Meaningful information is not necessarily stored:
- because it can be retrieved in real time, and we did not see the interest of storing it at the time of the design of the database
- because the business rule is calculated in the presence layer
- because of the persistence of a manual treatment (“it’s a machine that knows …”)
- due to the persistence of “hacker” repositories (excels and personal Access databases) and additional analysis.
The modeling stage is essential but long and expensive. It then makes it possible to identify business added value, and ideally to improve and industrialize the business processes for producing the data.
Modeling in the world of big data
Can the datalake do without modeling?
The limitless storage capabilities of big data made it possible to collect data from anywhere. The storage media proposed by hadoop (HDFS) based on distributed file systems, the prior work of structuring the information has become useless. These storage media (HFDS or NOSQL) are called schemaless.
Companies have been eager to build countless datalakes and populate them with no less than countless data.
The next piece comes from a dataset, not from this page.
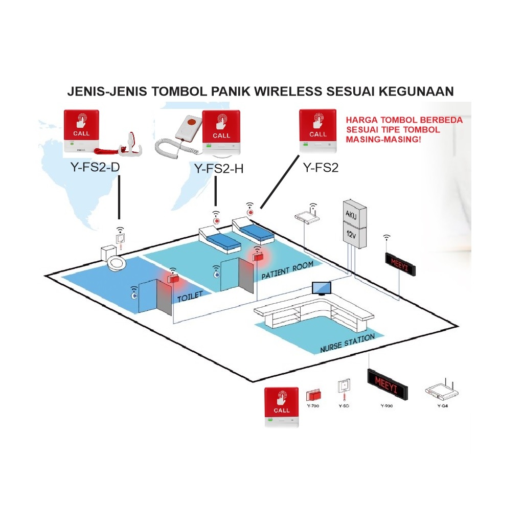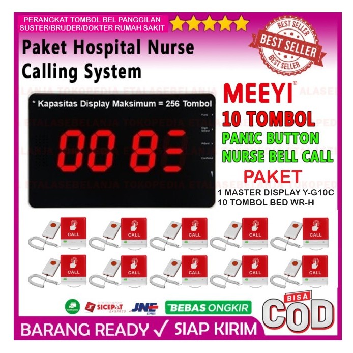 PAKET BEL PANGGIL SUSTER RUMAH SAKIT 10 TOMBOL Y-FS2-H DAN 1 DISPLAY Y-G10C MEEYI - WIRELESS NURSE CALL SYSTEM 10 BUTTON AND 1 WIRELESS DISPLAY

The young datascientists then looked at the architects and database experts with the new world’s view of the old world: No need for modeling, trash your MPD, MCD, Kimball models, UML or other SQL! We are dealing with raw data.
Yet very quickly, our datalakes became dataswamps and datascientists began to spend a lot of time preparing, cleaning and aggregating data. This load without much added value represents more than 50% of the total load of a datascience project. The part devoted to machine learning is so small that the datascientist are frustrated to do so little true datascience.
Modeling helps data understanding
Indeed, if it is no longer necessary to model to store the information, it is necessary to model to understand the information that one manipulates. Moreover, the amount of useful information contained in the data becomes more and more infinitesimal. To understand and locate useful information among terabytes of data, there is no alternative to modeling the information. To make a literary analogy, it is not by reading the persistent bitstream on its reader that we understand the deep meaning of the information is present, but without metamodel impossible to understand the meaning.
With this in mind, data architects have set up information structures per floor, rediscovered the concepts of sight, object or star model. The governance of the data has become a priority again and maintain a catalog of well-documented data a prerogative of datalab. The most advanced companies establish metamodels and ontologies to understand, interpret and navigate the data. The theory of graphs emerged from its closet and serves as a support for all data analysis social networks.
Finally, and this will be the subject of the next article, architects and data engineers have set up layered datalakes, capable of replacing decision-making warehouses, and providing the same level of readability as the old systems.
Modeling at the service of efficiency
The data lake will be used by data scientists. But the work of a data scientist breaks down as follows:
- 80%: data preparation
- 20% : Machine learning
What data do they use? Many data identical to those used by Data Analytics teams.
But how is the work done in Data Analytics?
- 80%: data preparation
- 20%: Dashboarding and analyzes
Modeling a single database, allowing a simple reading of the data of the company is therefore essential:
- For Data Science and Data Analytics teams to have the same basis for analysis
- To factorize work and improve efficiency
- It is illusory to think that one can exploit the raw data without reworking the model
- Modeling is performed a posteriori to interpret, analyze and produce an aggregate view
- Data remodeling depends on the use case; there is not only one method. We must strive for a common model but from a technological point of view, we will exploit this same common model in a different way.